Final Poems For Kathy


She was that fatal girl who said the worst goodnight.

No one but she!

None could have dished out poison with such right

Perceptive wit upon occasions

Of late merry-making when wine and beer,

Cakes and red cheese, dallied down

The honeyed round.

Skill! Skill!

Such women with such skill!

Super controllers of no destiny!

Jack and Jill

Went up the hill

To fetch a pail of scorpions.

Jill came down

With daisy-chains

But Jack was bitten to ribbons.



I found myself in Putney

after many stupid years.

It was a worthless day

before spring comes with all its biting powers.

There was nothing there in Putney

but that February hearse

and all the villainy of incredible memory

born out of pointless love and hope that blackmails.

There was traffic there, that endless vicious fume

of noise; and litter blowing pointlessly;

savage parents; hard and worried kids;

the thundering mess of London all around;

a hop of sparrows on that pointless ground.

I found myself in Putney

where I lost myself so many stupid years ago,

and by that withered house a withered love arose.

“Ah, love,” I whispered, “why have you arisen?”

“You acknowledge me?” she said.

“Of course,” I answered.

“Put your arm across my breast,” she said.

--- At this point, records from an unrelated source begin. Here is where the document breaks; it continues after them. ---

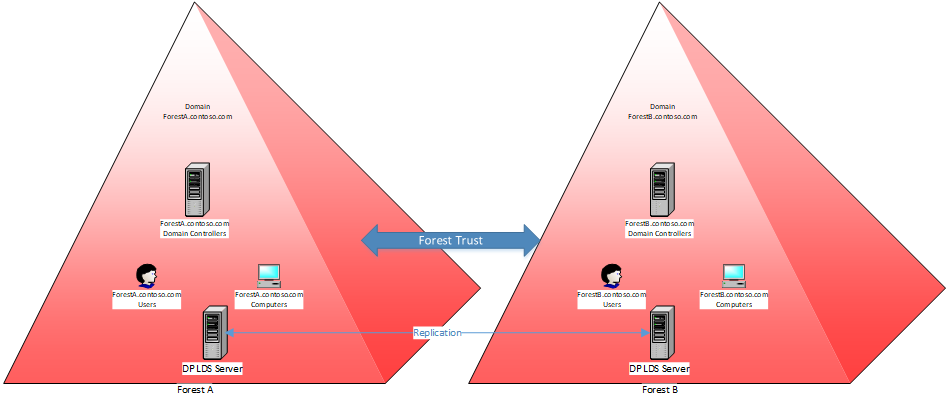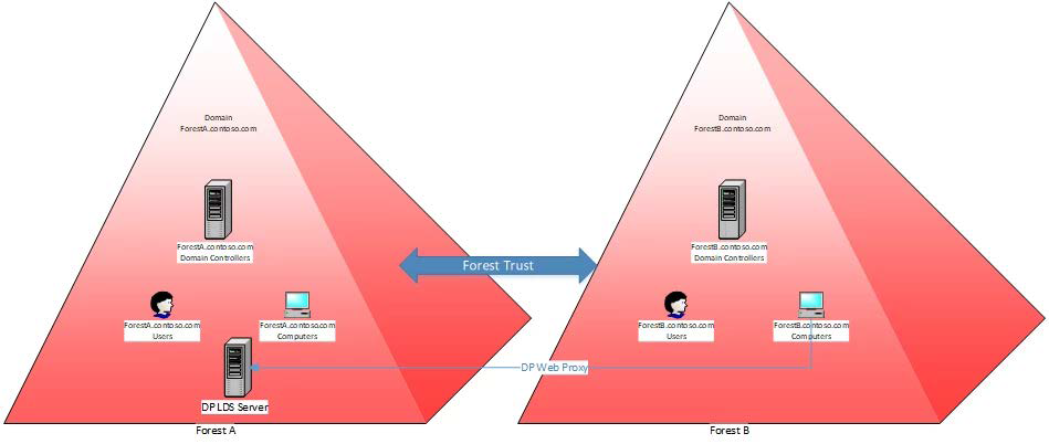 In this option we would deploy DP LDS Servers in the ForestA.contoso.com domain only.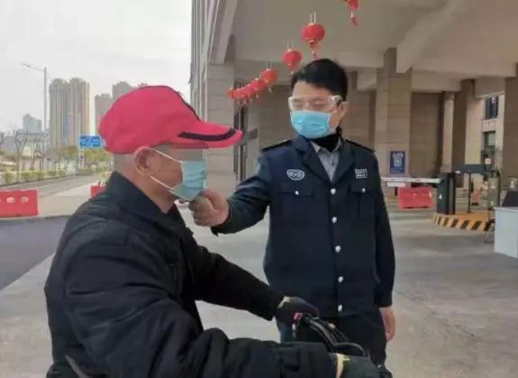 戴上護目鏡、口罩,拿起手中的額溫槍,保安在門崗為入院人員測量體溫,守好崗。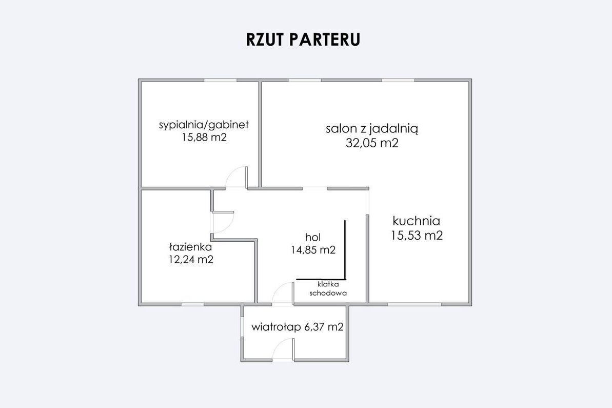 Rozkład pomieszczeń – rzut z powierzchniami w galerii: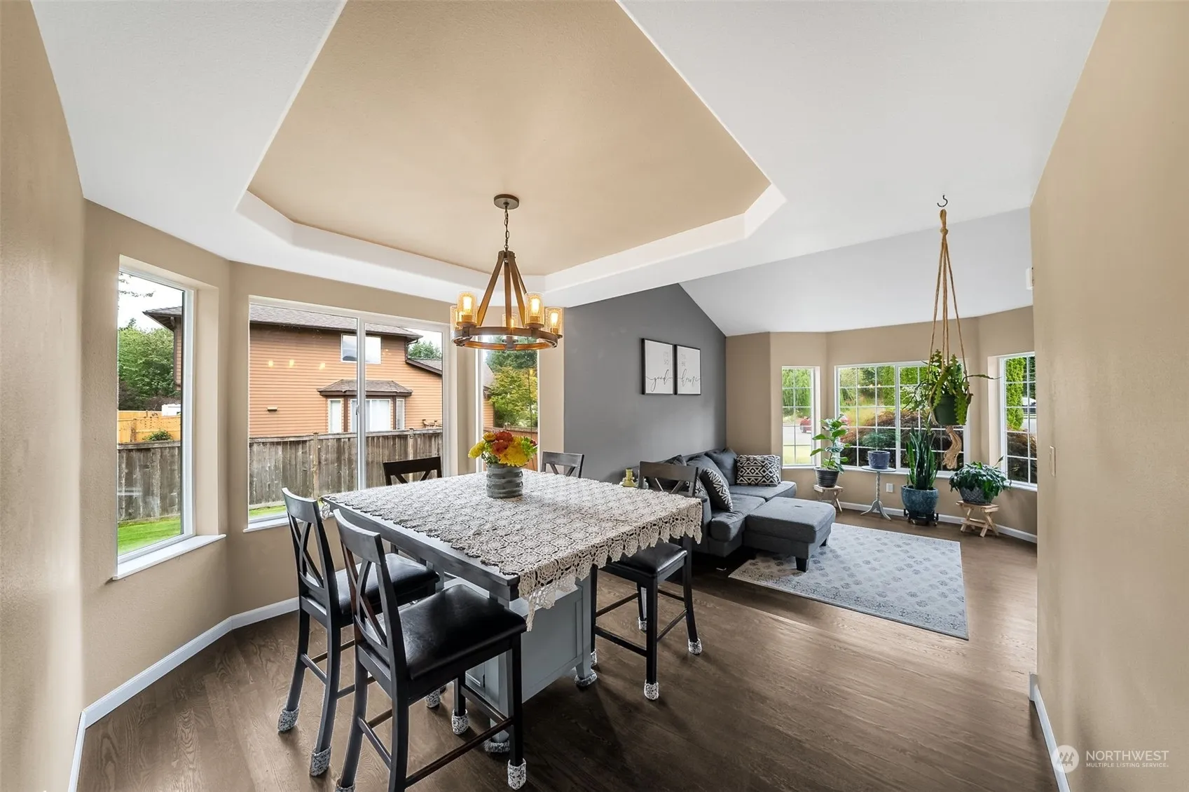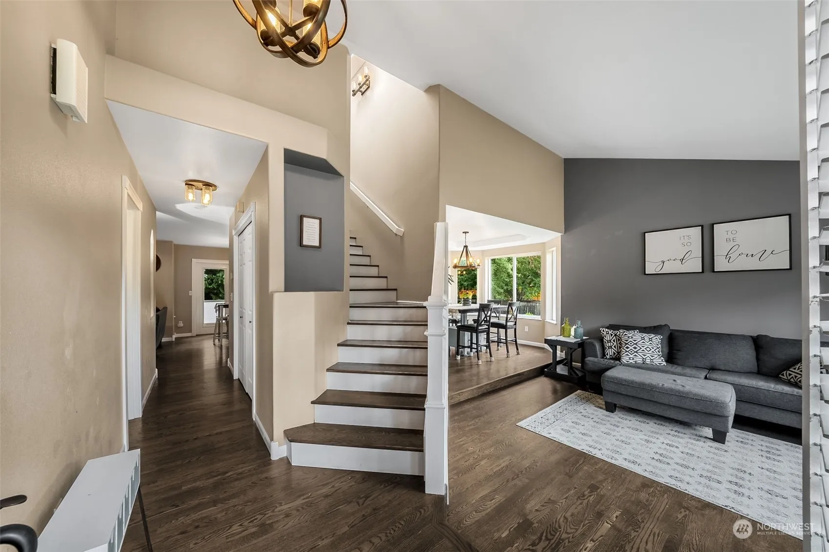 This beautifully remodeled, move-in ready home on over 1/3 acre, offers a perfect blend of modern amenities & outdoor space. The main floor features a rare 2nd primary suite—ideal for guests or multigenerational living, along with 2 spacious living areas, formal dining, & a stunning kitchen with quartz countertops, hardwood flooring, & stainless appl. Upstairs, the primary suite boasts dual walk-in closets & a luxurious 5-pc bath, complemented by 3 additional bedrooms, a full bath, & a versatile office/den. Enjoy Dieringer schools, the comfort of AC, a huge patio for entertaining, garden beds, RV parking, & a shed for extra storage. With fresh paint, all appliances included, and short walk to North Tapps Park, this home truly has it all!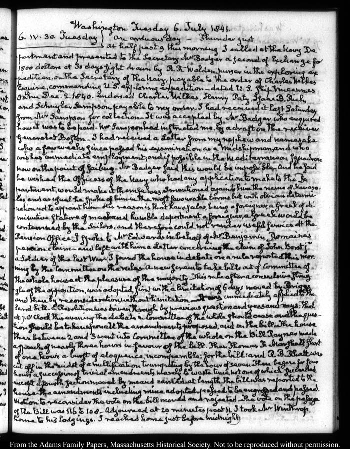 View full, authoritative transcriptions with page images of the diaries at John Quincy Adams Digital Diary part of the Primary Source Cooperative at the MHS.
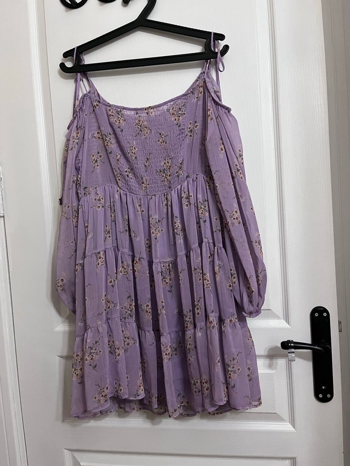 Bohem tarzda, askılı ve fırfırlı detaylara sahip, gevşek kesim mor mini elbise, pastel batik desenlidir. Romantik akşamlar için uygundur.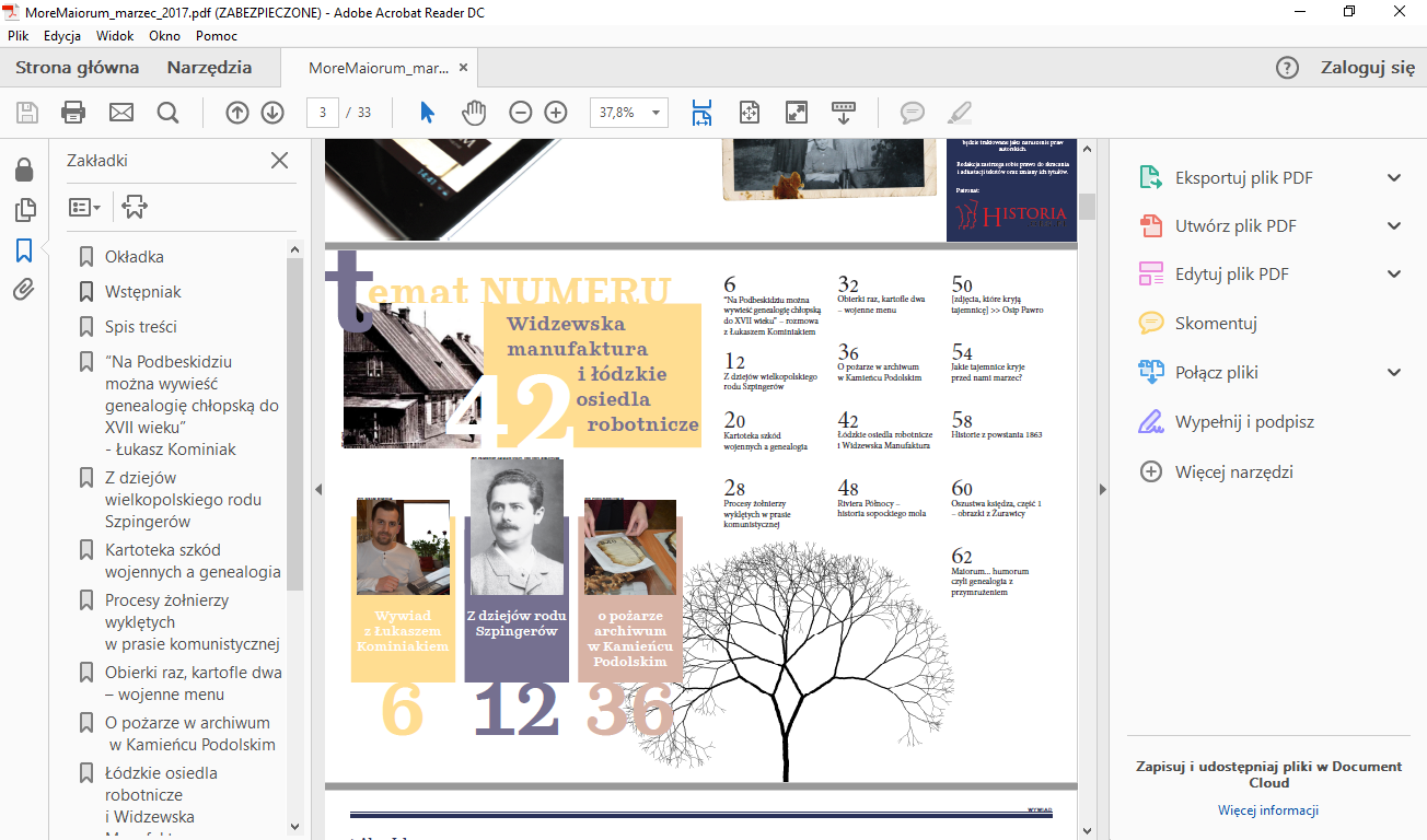 UWAGA! Od styczniowego numeru, otwierając „More Maiorum” w Adobe Acrobat (podstawowy program do obsługi plików PDF), po lewej stronie można otworzyć okienko „Zakładki”. Dzięki temu będziecie mogli swobodnie przechodzić między artykułami. Wystarczy kliknąć na tytuł:

“Touch my still hair. Weep plentifully.

“Let your poor heart break. Strike here across my cheek

“To know what you have lost.”

“My love,” I whispered, “why have you arisen?”

(From the withered house the years were toppling.)

“Stupid questions from a stupid man.

“You loved me and you lost me.”

Then the roar of London hurt my head.

I saw a man go down a street

Where no street was, where no man was.



I sat under the quiet trees all the restless afternoon,

Dreaming of what had been and never more could be:

Bitten the clouds, the declining canopy of air

Weary with insects weary with bats.

Black days black nights.

The benches of the dead set out, the dining dead.

At eight I rose, bitten the clouds,

A dog barked dead and long

Down the river of dead sights.

The thistle over which the dead goldfinch dreams of seeds;

The crimson road that marks the accident.

In courts, in currencies of plenty, wherever you are,

Do you hear the frogs croak, “Katharine”?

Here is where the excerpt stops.